Our situation: Rasch measurement is an analysis tool that can provide validity evidence for instruments that attempt to measure student learning or other psychosocial behaviors, regardless if tools are newly created, modified, or previously developed. Rating scales are exceedingly common among psychosocial instruments and properly functioning rating scales are critical to effective measurement. Rasch measurement can help investigate this.
Methodological literature review: Aside from using Rasch measurement from the beginning to help create rigorous new measurement instruments, researchers can also benefit from employing Rasch measurement on previously developed instruments that had not included Rasch measurement during development. This article is focused on Rasch measurement's unique analysis of rating scales.
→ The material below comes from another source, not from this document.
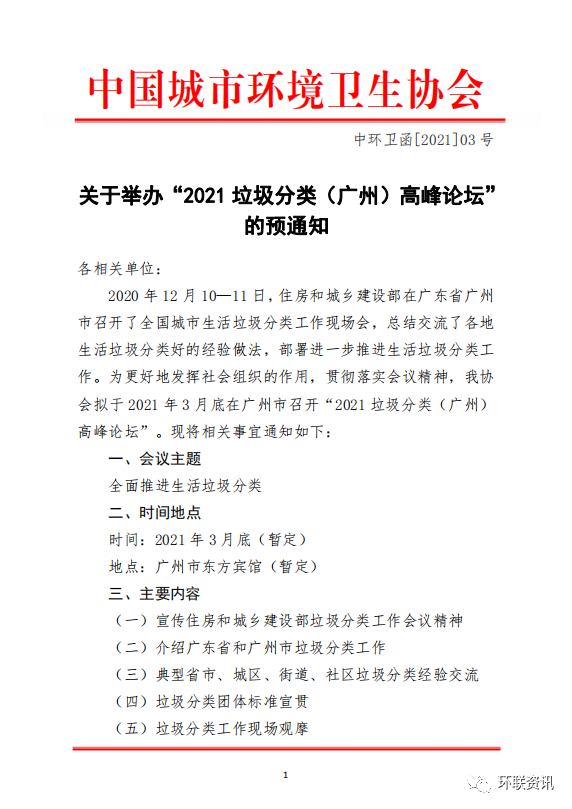 2021年3月底,由中國(guó)城市環(huán)境衛(wèi)生協(xié)會(huì)主辦,中環(huán)協(xié)垃圾分類專業(yè)委員會(huì)、廣東省環(huán)境衛(wèi)生協(xié)會(huì)、住建部環(huán)境衛(wèi)生工程技術(shù)研究中心共同承辦的2021 垃圾分類(廣州)高峰論壇將在珠江之畔盛大開(kāi)幕!

That is, Rasch measurement can uniquely help examine if and how an instrument's rating scale is functioning among newly studied respondents (who will likely differ from the originally researched sample).
Our recommendations and their application: After reviewing this article, the reader should be able to describe Rasch measurement, including how it is focused on fundamental measurement and how it differs from classical test theory and item-response theory, and reflect on situations in their own research where a Rasch measurement analysis might be helpful for generating validation evidence with a previously developed instrument.
Potential impact: In the end, Rasch measurement can offer a helpful, unique, rigorous approach to further developing instruments that scientifically measure, accurately and precisely.
Keywords: Rasch; Rasch measurement; Rating scales; Validity.